What needs to be done:
Wherever a picture appears, skip it and retype the rest of the data exactly.

Task material:
○ ○ ○ ○
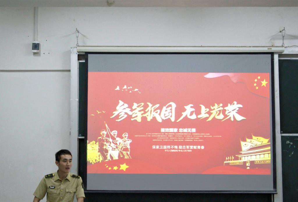 (通讯员 唐钦清/摄影员 柯婷婷)为了宣传征兵事宜,5月23日晚7时许,“动物科学学院2019年征兵宣传大会”在五教115成功举行。本次大会面向全体18级男生,有幸邀请到海军李万磊和火箭军韩王戴贤主讲。
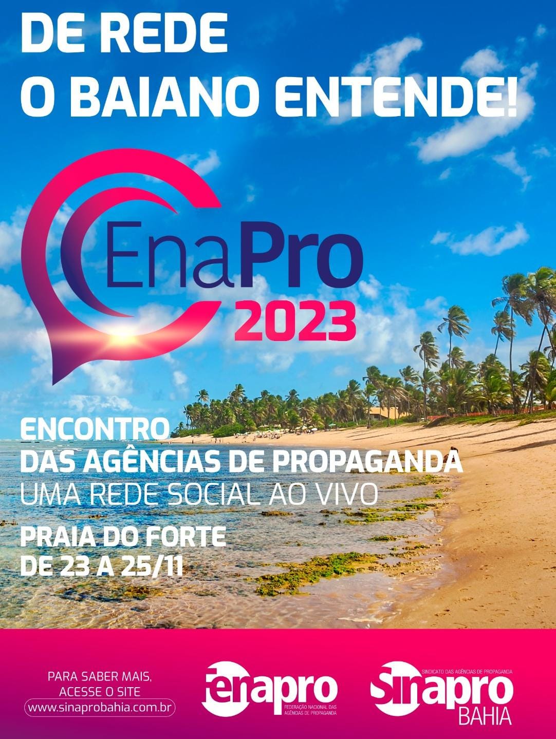 A Bahia será o palco de um dos maiores eventos de publicidade do país, o ENAPRO 2023, que acontecerá de 23 a 25 de novembro, no Espaço Baleia Jubarte, na Praia do Forte, um dos locais mais charmosos e paradisíacos do estado. Promovido pelo Sindicato de Propaganda do Estado da Bahia (Sinapro-Bahia), o encontro vai reunir agências de todo o país, veículos de comunicação, anunciantes, fornecedores, com a participação de grandes nomes nacionais e locais para discutir tendências, diversidade, inclusão, sustentabilidade e plataformas digitais.
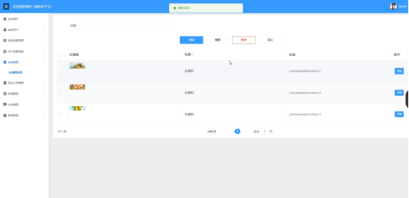 系统管理:轮播图管理:可以查看轮播图详情,以及查询、重置、删除、添加等操作。系统管理界面如下图5-11所示。
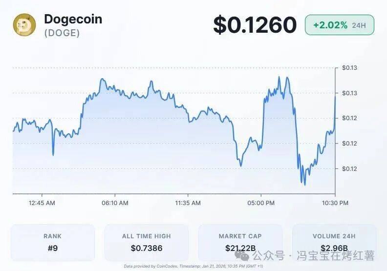 风暴来得突然。狗狗币价格从日内高点0.1263一路急坠至0.1216,短时间内跌幅显著。
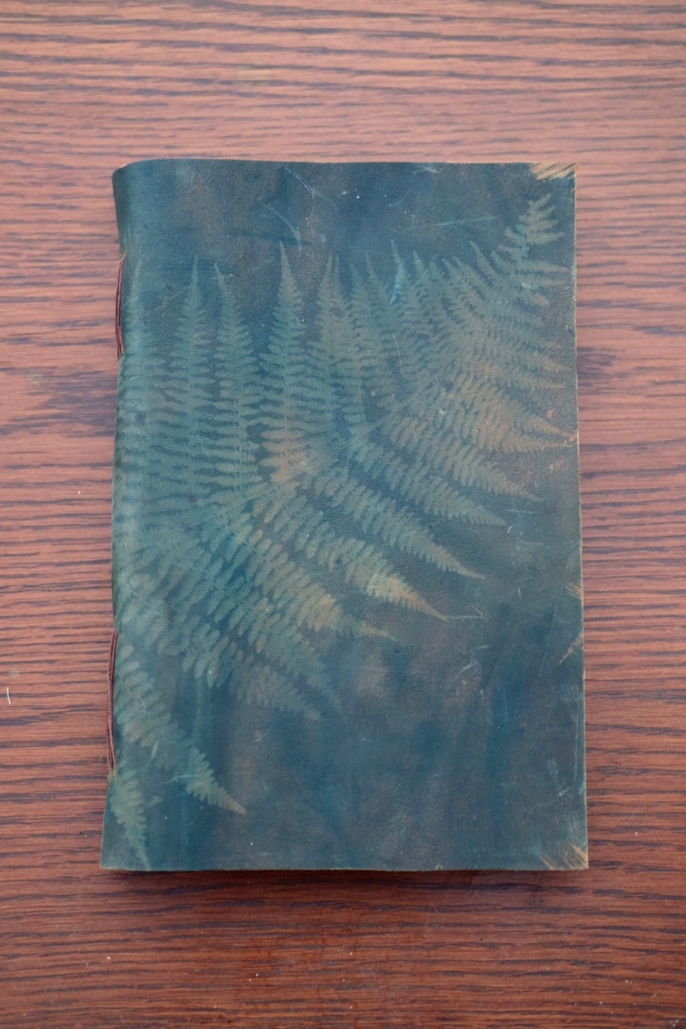 Like the fabric-bound notebooks, these are printed with the Cyanotype method and bound into unique notebooks and sketchbooks. They are made with recycled leather, using offcuts from various stores, turning something destined for the bin into a practical and sturdy book.
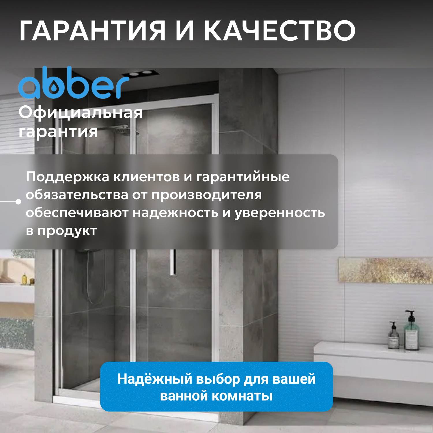 Душевые двери ABBER изготавливаются из анодированного алюминиевого профиля и закалённого, ударопрочного стекла. Также стеклянные душевые двери обладают рядом преимуществ: они легко моются, надежны и долговечны в эксплуатации.
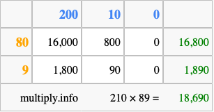 That's all there is to it! As you can see from the box above, the answer to 210 times 89 using the box method is 18,690.
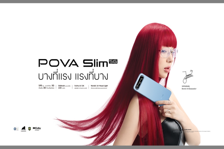 ในฐานะนวัตกรรมดีไซน์บางเฉียบล่าสุดของซีรีส์ POVA สำหรับผู้ใช้เจเนอเรชันใหม่ POVA Slim 5G มอบสไตล์ล้ำอนาคต ความทนทานที่พร้อมใช้งานจริง พร้อมการอัปเกรดด้านแบตเตอรี่และประสิทธิภาพอย่างมีนัยสำคัญในสมาร์ตโฟนเพียงเครื่องเดียว โดยจะวางจำหน่ายใน 3 สีโดดเด่น ได้แก่ Sky Blue, Slim White และ Cool Black
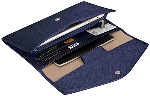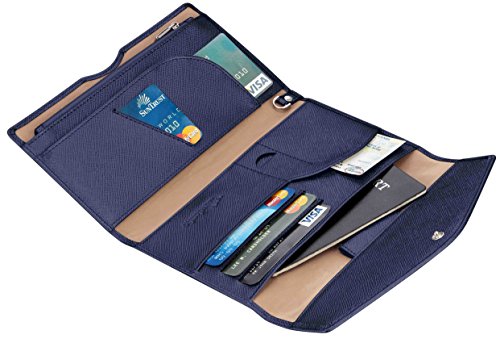 3. VARIOUS FUNCTIONAL SLOTS --1 passport pocket (max fit 2-3 passports), 3 credit card slots, 1 id slot, 1 sim card pouch, 1 ticket slot, 1 coupon compartment, 1 cellphone pouch (max 5.8 inches), 1 money & coins zippered pocket (fit U.S. money), 1 key holder and 1 pen holder;
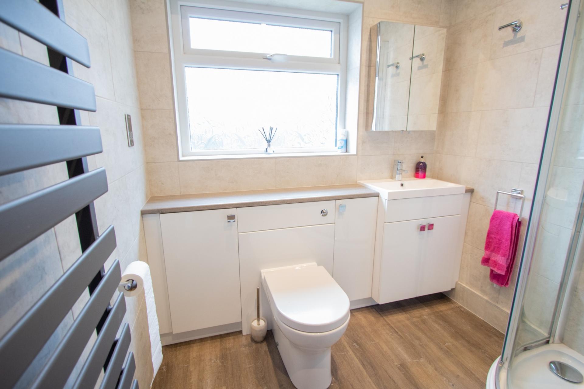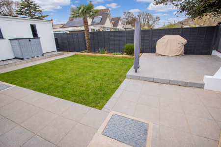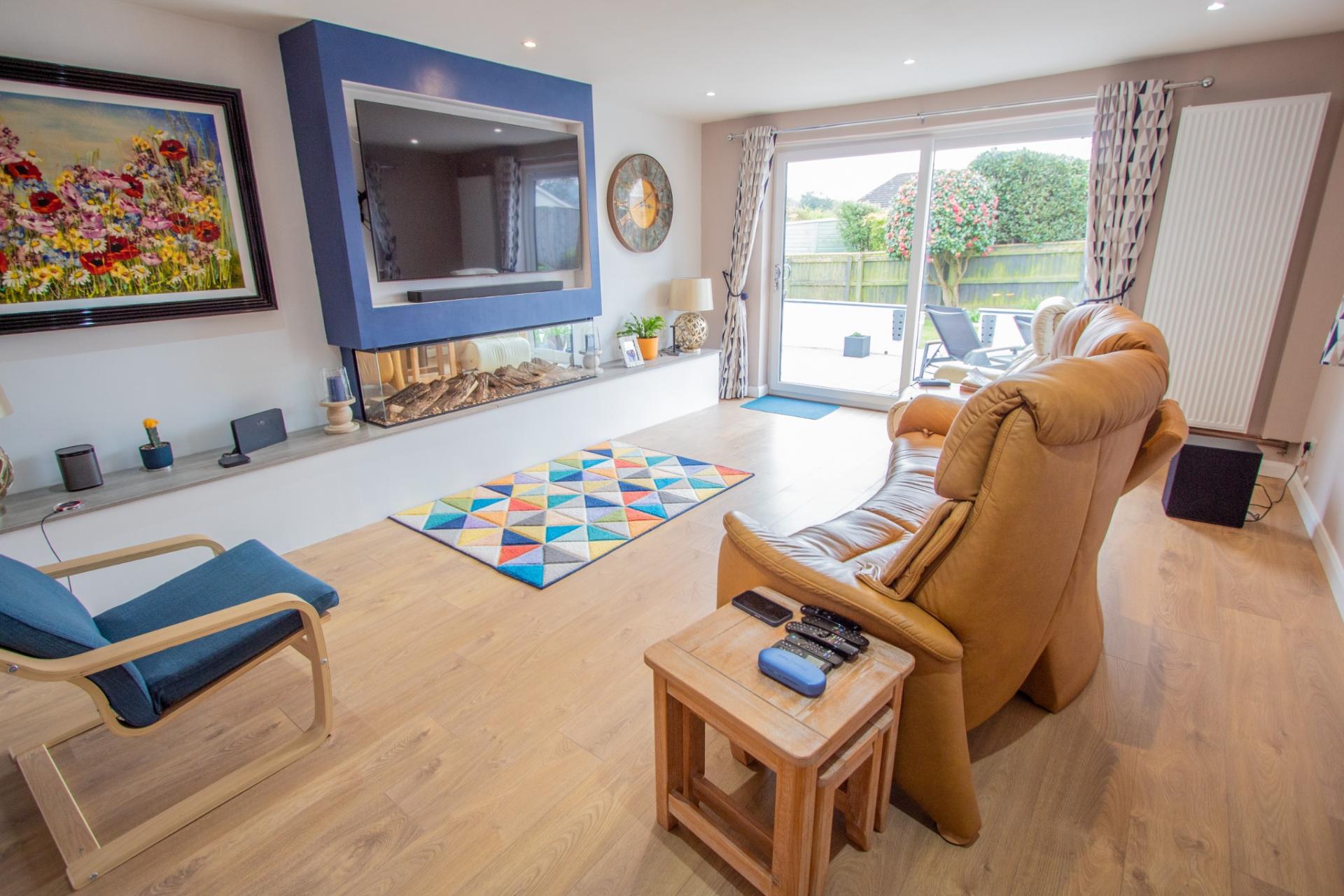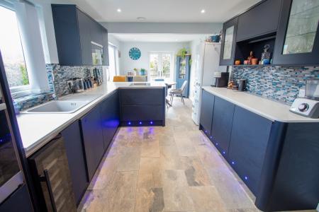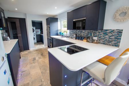 The accommodation comprises; a spacious entrance hallway with laminate flooring, 2 double bedrooms, a re-fitted cloakroom suite, a lovely re-fitted shower room with fully tiled walls and a vanity unit. The living room is a spacious room with a feature media wall, electric fire and patio doors into the garden. The luxury kitchen/dining room has been beautifully re-fitted with a range of matching wall and base units, including 2 glass doors, wall-mounted display cabinets with lights, granite worktops and breakfast bar, integrated freezer and dishwasher, built-in double oven and induction hob as well as a built-in microwave and a Franke sink. There are lights built into the plinths which are on an auto sensor and the floor is tiled. There are French doors in the dining area which give access to the rear garden. There is a re-fitted utility room with a range of units, one houses the boiler.
○ ○ ○ ○
Reply:
 (通讯员 唐钦清/摄影员 柯婷婷)为了宣传征兵事宜,5月23日晚7时许,“动物科学学院2019年征兵宣传大会”在五教115成功举行。本次大会面向全体18级男生,有幸邀请到海军李万磊和火箭军韩王戴贤主讲。
 A Bahia será o palco de um dos maiores eventos de publicidade do país, o ENAPRO 2023, que acontecerá de 23 a 25 de novembro, no Espaço Baleia Jubarte, na Praia do Forte, um dos locais mais charmosos e paradisíacos do estado. Promovido pelo Sindicato de Propaganda do Estado da Bahia (Sinapro-Bahia), o encontro vai reunir agências de todo o país, veículos de comunicação, anunciantes, fornecedores, com a participação de grandes nomes nacionais e locais para discutir tendências, diversidade, inclusão, sustentabilidade e plataformas digitais.
 系统管理:轮播图管理:可以查看轮播图详情,以及查询、重置、删除、添加等操作。系统管理界面如下图5-11所示。
 风暴来得突然。狗狗币价格从日内高点0.1263一路急坠至0.1216,短时间内跌幅显著。
 Like the fabric-bound notebooks, these are printed with the Cyanotype method and bound into unique notebooks and sketchbooks. They are made with recycled leather, using offcuts from various stores, turning something destined for the bin into a practical and sturdy book.
 Душевые двери ABBER изготавливаются из анодированного алюминиевого профиля и закалённого, ударопрочного стекла. Также стеклянные душевые двери обладают рядом преимуществ: они легко моются, надежны и долговечны в эксплуатации.
 That's all there is to it! As you can see from the box above, the answer to 210 times 89 using the box method is 18,690.
 ในฐานะนวัตกรรมดีไซน์บางเฉียบล่าสุดของซีรีส์ POVA สำหรับผู้ใช้เจเนอเรชันใหม่ POVA Slim 5G มอบสไตล์ล้ำอนาคต ความทนทานที่พร้อมใช้งานจริง พร้อมการอัปเกรดด้านแบตเตอรี่และประสิทธิภาพอย่างมีนัยสำคัญในสมาร์ตโฟนเพียงเครื่องเดียว โดยจะวางจำหน่ายใน 3 สีโดดเด่น ได้แก่ Sky Blue, Slim White และ Cool Black
 3. VARIOUS FUNCTIONAL SLOTS --1 passport pocket (max fit 2-3 passports), 3 credit card slots, 1 id slot, 1 sim card pouch, 1 ticket slot, 1 coupon compartment, 1 cellphone pouch (max 5.8 inches), 1 money & coins zippered pocket (fit U.S. money), 1 key holder and 1 pen holder;
 The accommodation comprises; a spacious entrance hallway with laminate flooring, 2 double bedrooms, a re-fitted cloakroom suite, a lovely re-fitted shower room with fully tiled walls and a vanity unit. The living room is a spacious room with a feature media wall, electric fire and patio doors into the garden. The luxury kitchen/dining room has been beautifully re-fitted with a range of matching wall and base units, including 2 glass doors, wall-mounted display cabinets with lights, granite worktops and breakfast bar, integrated freezer and dishwasher, built-in double oven and induction hob as well as a built-in microwave and a Franke sink. There are lights built into the plinths which are on an auto sensor and the floor is tiled. There are French doors in the dining area which give access to the rear garden. There is a re-fitted utility room with a range of units, one houses the boiler.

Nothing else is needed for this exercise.